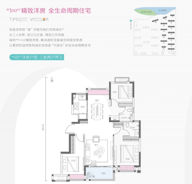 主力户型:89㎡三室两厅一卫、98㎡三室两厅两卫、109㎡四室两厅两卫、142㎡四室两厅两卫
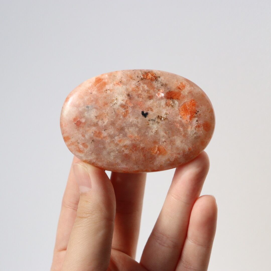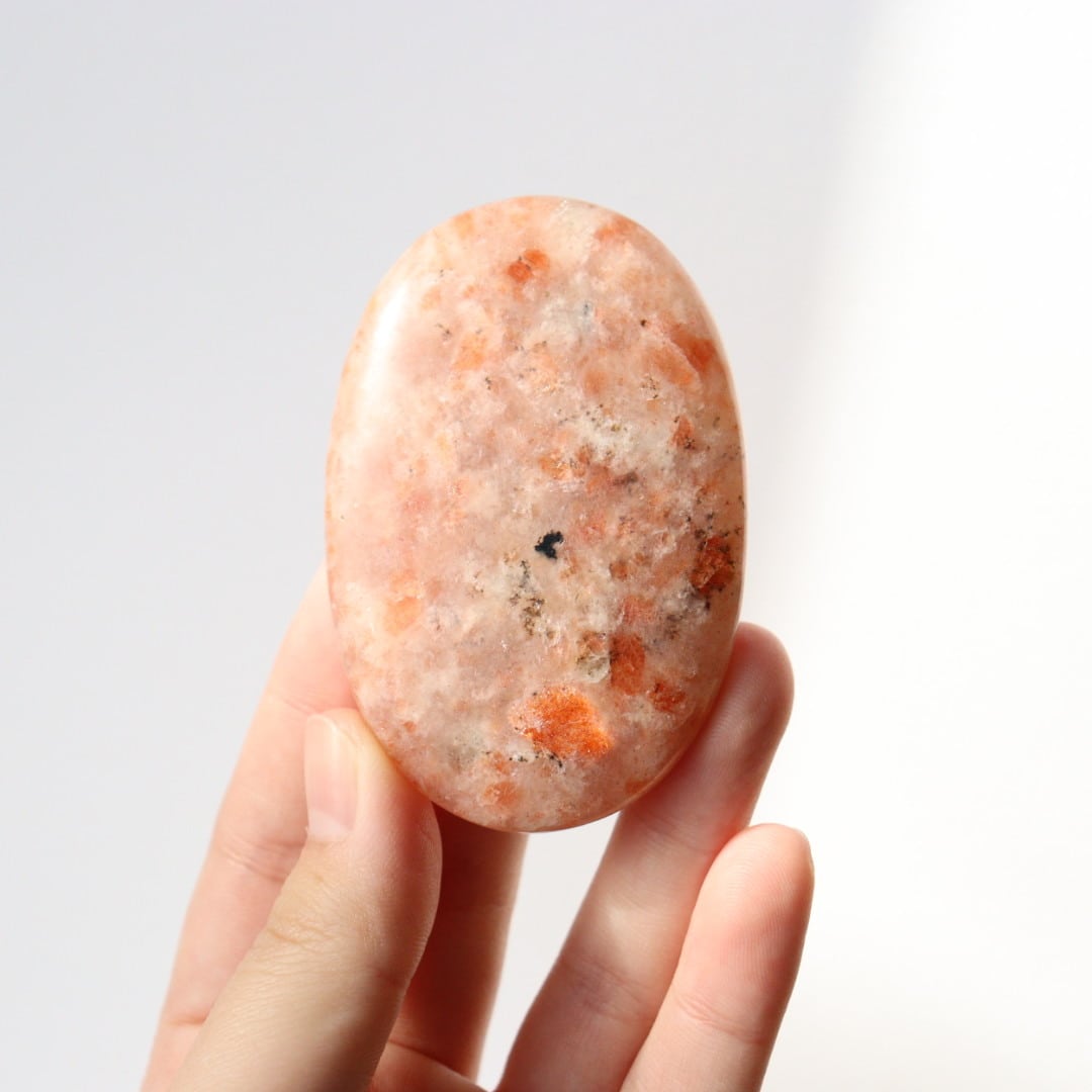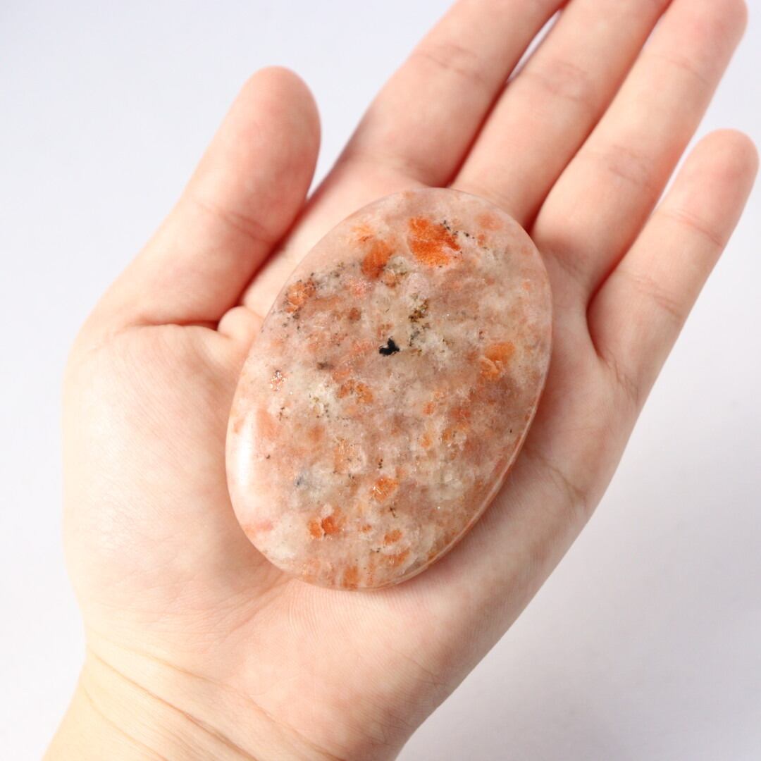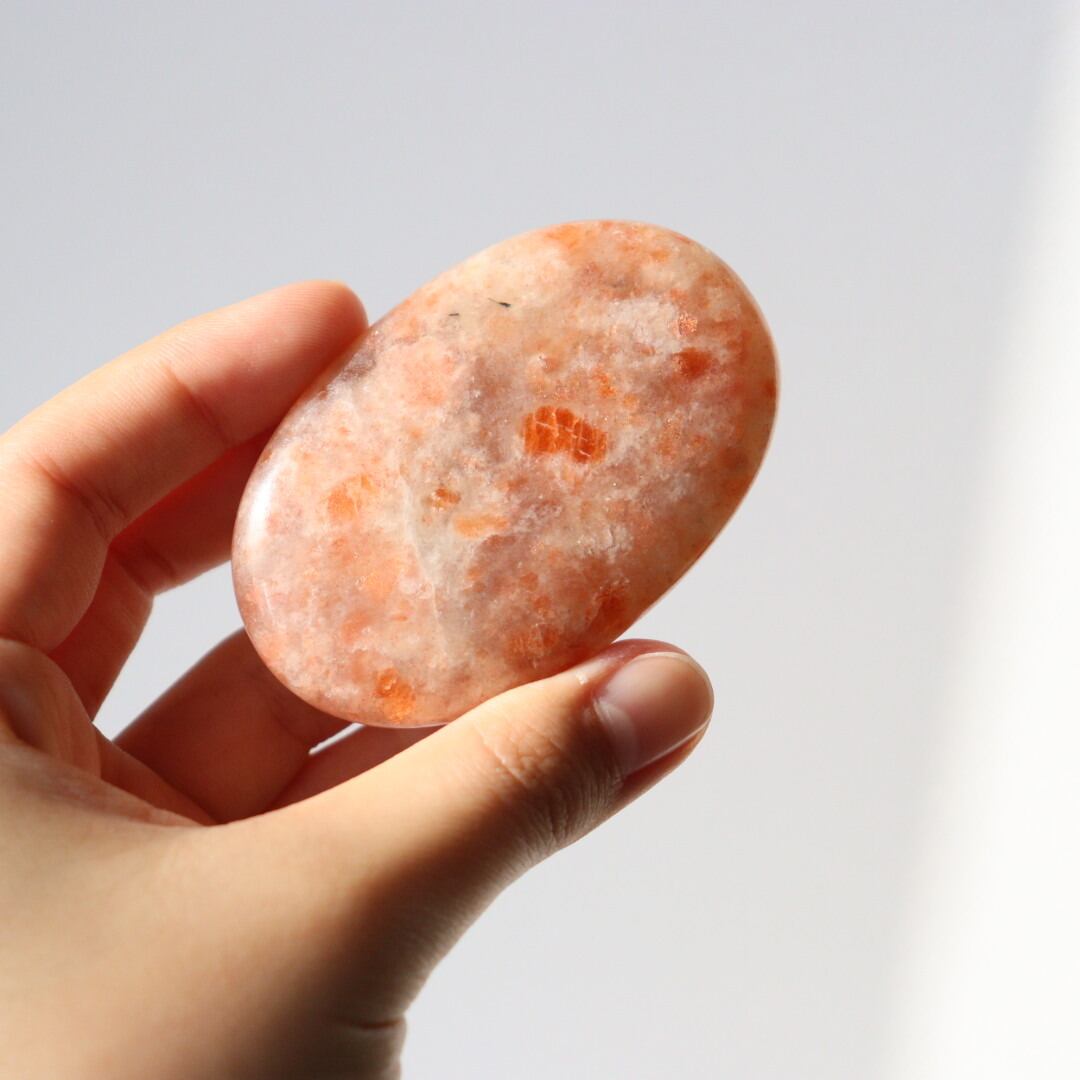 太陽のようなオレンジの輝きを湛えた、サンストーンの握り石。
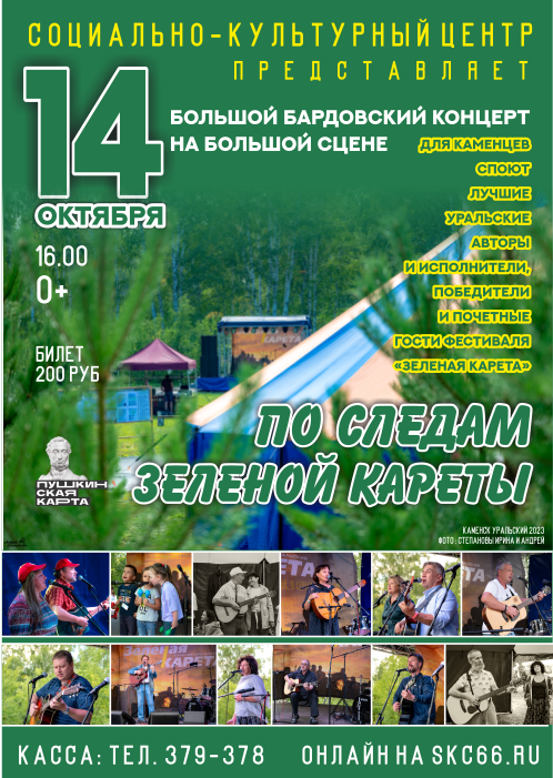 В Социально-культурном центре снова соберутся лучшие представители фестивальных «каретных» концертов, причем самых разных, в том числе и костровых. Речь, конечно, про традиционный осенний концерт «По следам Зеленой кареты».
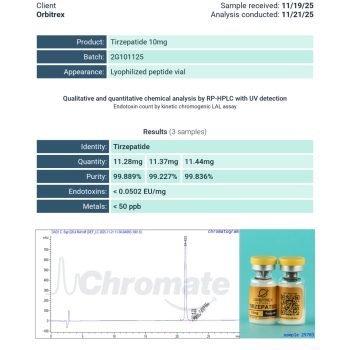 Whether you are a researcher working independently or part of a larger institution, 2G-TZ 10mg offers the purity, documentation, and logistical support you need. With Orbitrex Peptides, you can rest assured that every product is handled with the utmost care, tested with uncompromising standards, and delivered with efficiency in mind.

- **Your goal**: Repeat the listing word for word, and skip every picture it contains.

- **Answer to this task**:
 主力户型:89㎡三室两厅一卫、98㎡三室两厅两卫、109㎡四室两厅两卫、142㎡四室两厅两卫
 太陽のようなオレンジの輝きを湛えた、サンストーンの握り石。
 В Социально-культурном центре снова соберутся лучшие представители фестивальных «каретных» концертов, причем самых разных, в том числе и костровых. Речь, конечно, про традиционный осенний концерт «По следам Зеленой кареты».
 Whether you are a researcher working independently or part of a larger institution, 2G-TZ 10mg offers the purity, documentation, and logistical support you need. With Orbitrex Peptides, you can rest assured that every product is handled with the utmost care, tested with uncompromising standards, and delivered with efficiency in mind.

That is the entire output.